Впервые микробиолог Лев Зильбер, назначенный в начале двадцатых годов директором института инфекционных болезней в Баку, был арестован после того, как доказал, что вспышка холеры на Каспийском побережье — следствие не завоза ее возбудителя некими шпионами, а результат наличия ее местных дремлющих до времени очагов. Почему эти четкие, лабораторно подтвержденные данные и основанные на них рекомендации, как остановить распространение опаснейшего вибриона, привели к печальному финалу для первооткрывателя, остается загадкой. Ведь глава правительства Закавказской республики, горячо благодаря Льва Александровича, пообещал, что за оказанную помощь, он, беспартийный ученый, войдет в состав АзЦИК — элиту власти.

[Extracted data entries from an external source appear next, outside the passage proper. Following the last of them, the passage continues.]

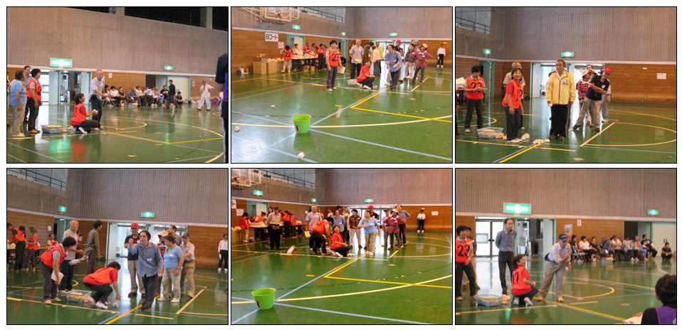 山の集い・銀輪の集い 写真集 玉入れ 数メートル先のバケツに布製の玉を投入れます 10個のうち見事入ったのは?
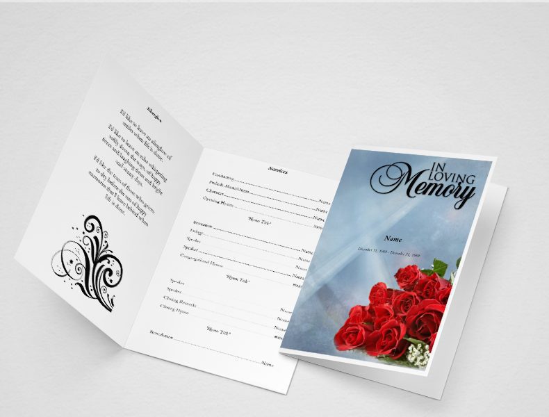 There are actually many other designs and sizes of programs that a funeral director will help you with. You can also shop online with a variety of sites that specialize in helping you to design programs and will have many funeral templates for programs available for you to choose from.
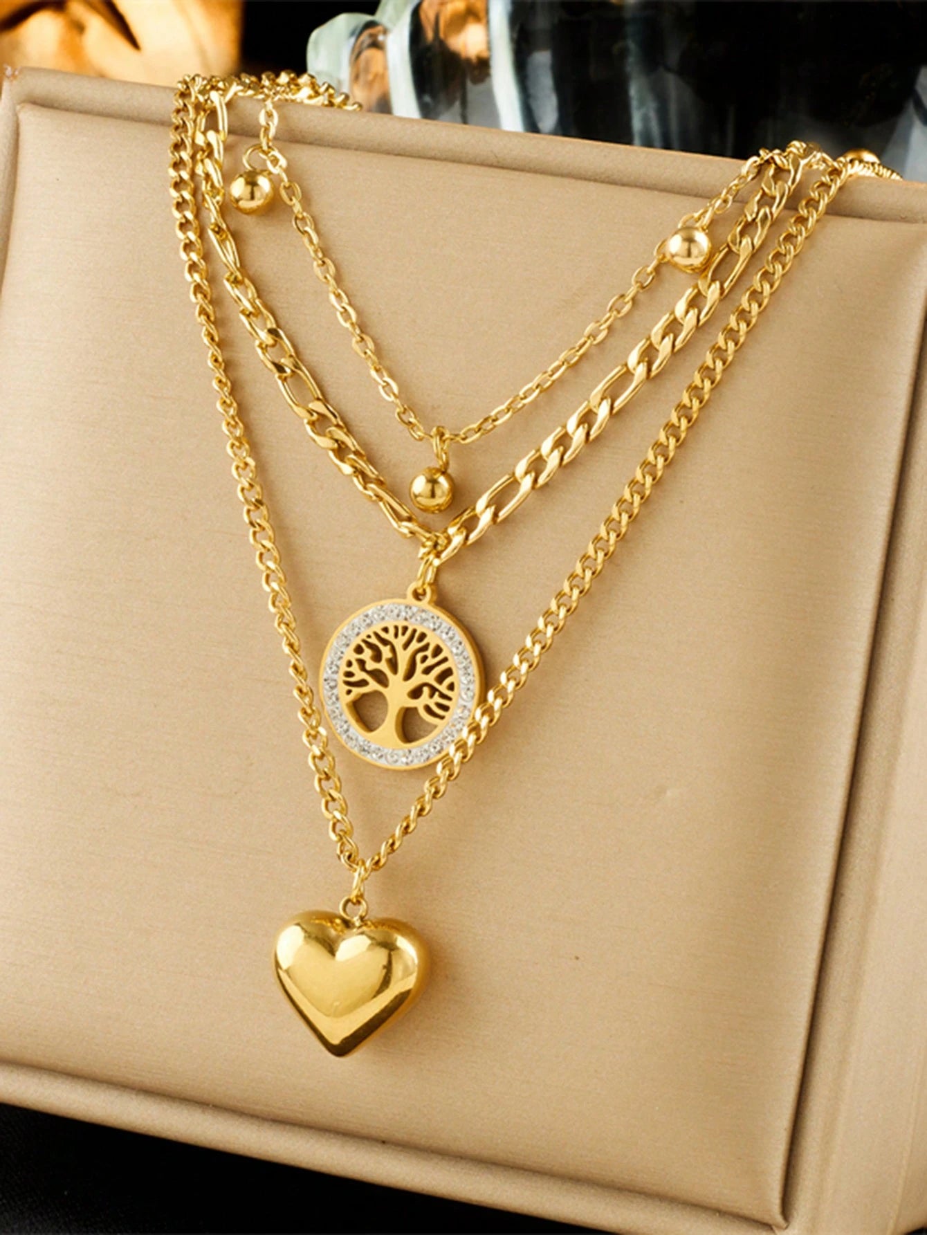 Colar Feminino Pingente com Design de Árvore da Vida e Coração de Aço Inoxidável - Désirée

Но на исследователя нашлись следователи, «органам» было как-то сподручнее ловить несуществующих диверсантов. Одним из них и был объявлен профессор Зильбер как распространитель холеры. Это был полнейший вздор, однако ученый без каких-либо объяснений угодил за решетку. Обстановка в тюрьме была, впрочем, относительно либеральной, к заключенным еще не применяли «мер физического воздействия», и подследственному даже удалось соорудить в камере подобие бокса. Но небо он мог видеть только через краешек окна. На его глазах в жалком закутке без воздуха умирал другой узник, перс, также мифический вредитель.

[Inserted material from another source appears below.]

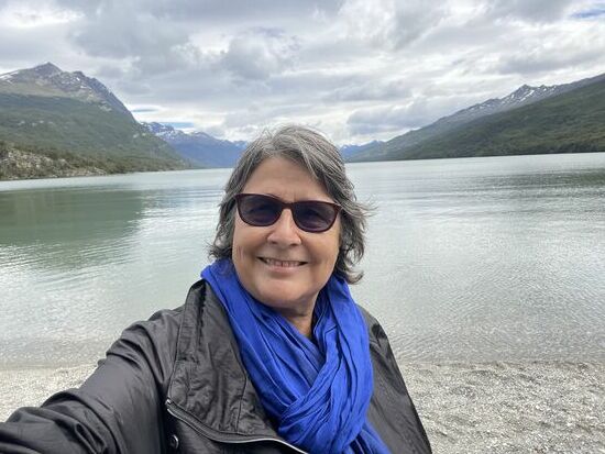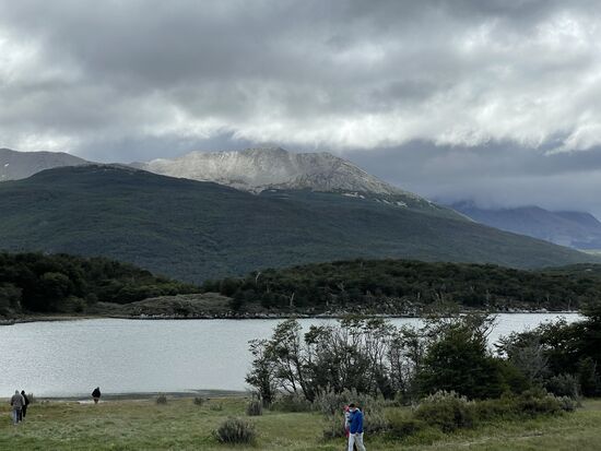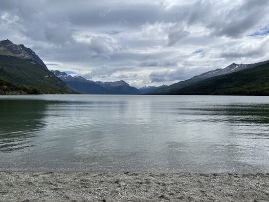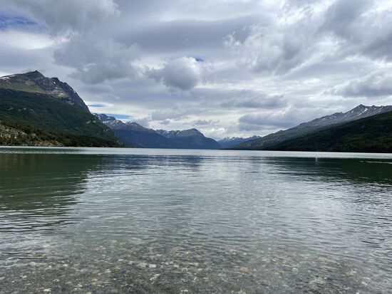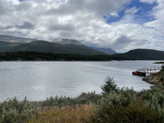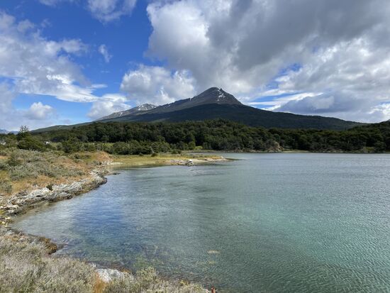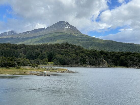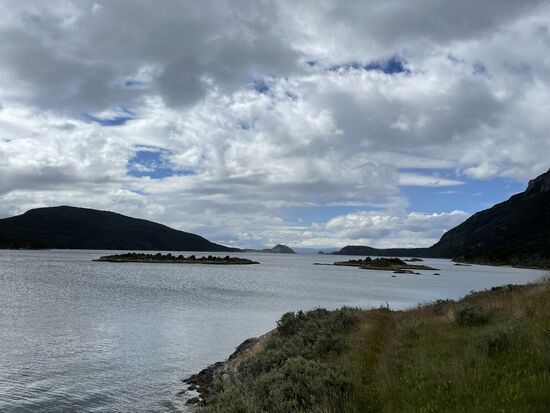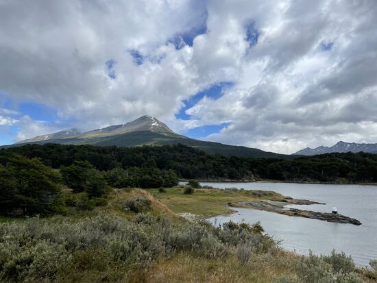 Von hier gibt es einen Wanderweg, der zur La Pataia-Bucht führt, die Teil des Beagle-Kanals ist. Es weht ein kühler Wind, wir sind alle in Jacken und Schals eingehüllt und auch ich bin froh, dass ich meinen blauen Tuarec-Schal aus Marokko dabei habe. Der Wind peitscht über die Wiesen, die Wolken reissen auf, es ist ein wunderschöner Tag. Vor allem als hinter den Wolken eindrückliche Berge hervorkommen. Zum Teil kann man dort hoch oben Schneefelder entdecken.
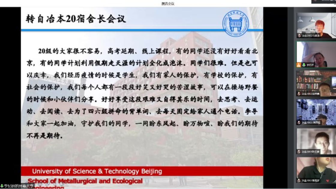 党委通过召开各类各级线上疫情防控会议,充分传达党中央、北京市有关疫情防控会议精神,进一步落实学校最新疫情防控政策,覆盖冶金党委全体师生1700余人。

Но как выбраться отсюда? В борьбу включается Вениамин Каверин — младший брат Зильбера. Единственная надежда, пожалуй, на Горького, ему нравятся книги Каверина, и он симпатизирует молодому прозаику из «Серапионовых братьев». Несколько дней Каверин проводит вблизи дома Горького, надеясь на встречу. Однако письмо Алексею Максимовичу удается передать лишь через биографа Горького Груздева, имеющего к писателю прямой доступ. «Ох, трудное дело!» — хмурится Горький, пробежав содержание послания. И все-таки, очевидно, именно его стараниями Зильбера освобождают.

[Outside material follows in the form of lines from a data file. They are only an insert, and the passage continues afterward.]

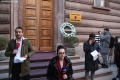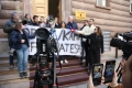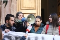 PROTESTS IN FRONT OF THE CONSTITUTIONAL COURT - Young people and citizens holding a banner in front of the constitutional court. This court has considered the agreement between Italy and Albania for the arrival of refugees, while at the end of the session it voted in favor of it, paving the way for ratification in the parliament.
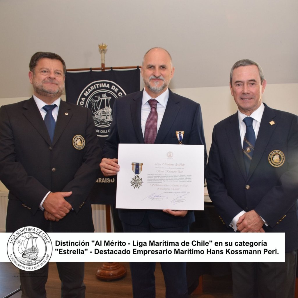 - Distinción "Al Mérito - Liga Marítima de Chile" en su categoría "Estrella" - Destacado Empresario Marítimo. Este reconocimiento fue otorgado a Hans Kossmann Perl, un empresario con una dilatada trayectoria en el sector marítimo, cuyo liderazgo y contribución al desarrollo de la industria naviera nacional han sido esenciales para el avance del sector. Kossmann es actualmente presidente del Directorio de ASENAV - Astilleros y Servicios Navales S.A., y ha sido un pilar fundamental en la expansión de la infraestructura marítima en Chile.
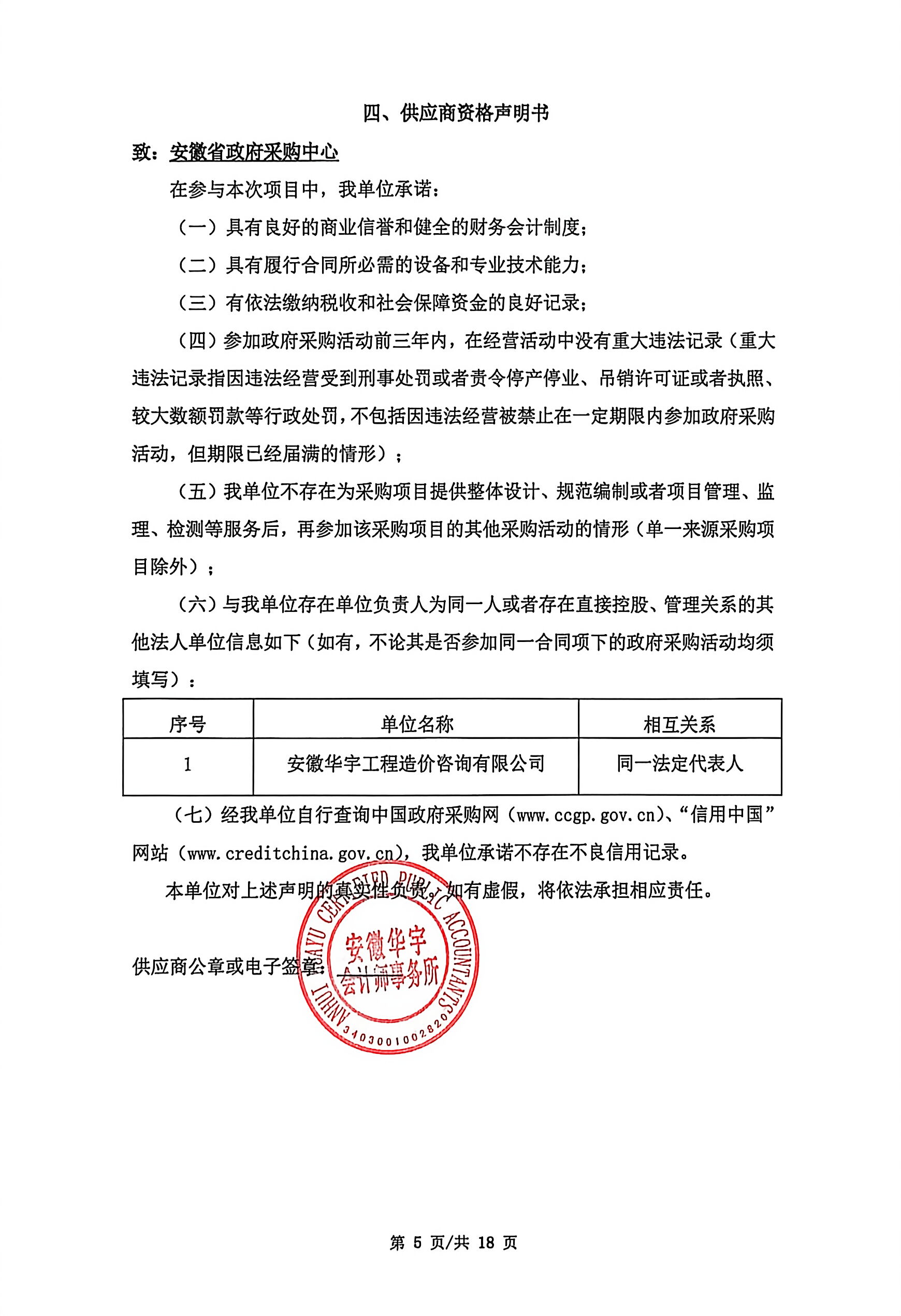 供应商名称:安徽华宇会计师事务所
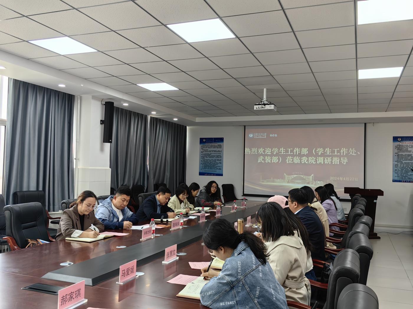 4月22日,学生工作部(学生工作处、武装部)部(处)长、临床医学学生工作部党委书记苏雅拉图一行莅临我院进行调研,院长王焕芸,党委副书记、副院长陈建平,学生工作部(学生工作处、武装部)相关人员,药学院全体辅导员,班主任代表参加了会议。
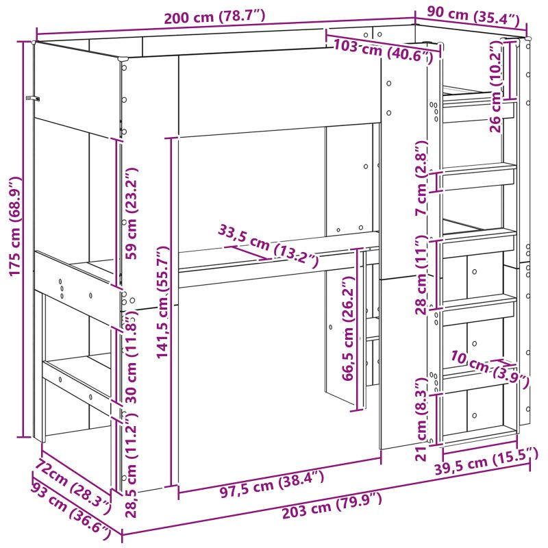 Рамка за двуетажно легло с бюро Сив Сонома 90 x 200 cm
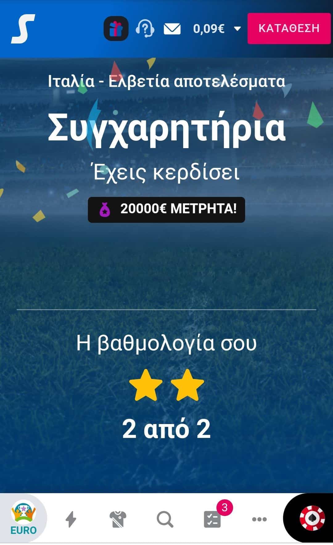 Μία απίθανη έμπνευση και ένα αυτογκόλ σε ματς που έληξε 1-0, απέφεραν 20.000€ εντελώς δωρεάν* σε μέλος της Stoiximan στο Ιταλία-Ελβετία!
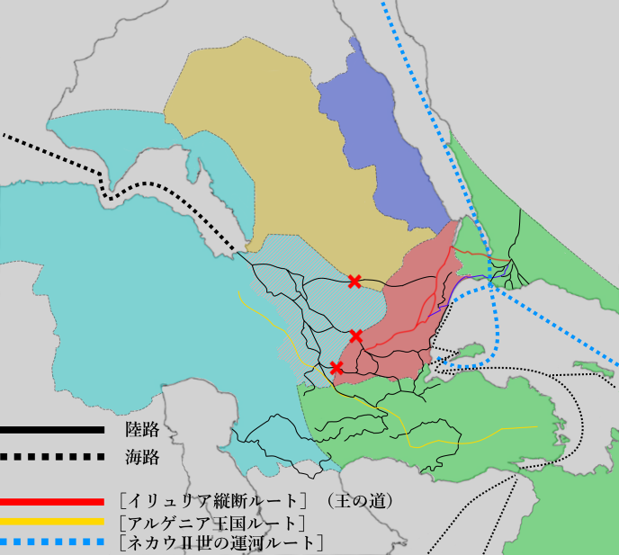 「[ネカウⅡ世の運河ルート]を通る商船をベレニケ港に誘導し[イリュリア縦断ルート]を使ってもらうことで延命していますが、仮に『未回収のイリュリア』を巡る戦争が落ち着いたところで、果たして[パルティア-イリュリア]間の交易路が本当に再び活発化するでしょうか」
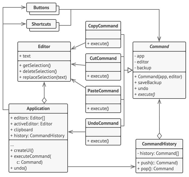 有些命令会改变编辑器的状态 (例如剪切和粘贴), 它们可在执行相关操作前对编辑器的状态进行备份。 命令执行后会和当前点备份的编辑器状态一起被放入命令历史 (命令对象栈)。 此后, 如果用户需要进行回滚操作, 程序可从历史记录中取出最近的命令, 读取相应的编辑器状态备份, 然后进行恢复。
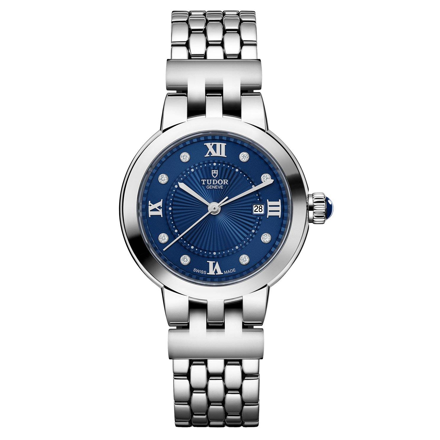 - Blue dial with stainless steel hands, roman numeral and diamond hour markers

По мановению Лаврентия Павловича

В середине тридцатых годов Лев Александрович, вновь работающий в Москве, возглавляет научную экспедицию на Дальний Восток в связи с эпидемией неизвестного инфекционного заболевания. Зильбер приходит к выводу, что это клещевой энцефалит, доселе неведомая вирусная атака. Работы его высоко оцениваются, участники экспедиции, за исключением самого Зильбера, удостаиваются Сталинской премии. А за ним, разгадавшим эту тайну, ночью вновь приходят. «Черный ворон» подъедет к его дому и в третий раз, и все три раза, по роковому стечению обстоятельств, это произойдет на глазах его несчастной матери.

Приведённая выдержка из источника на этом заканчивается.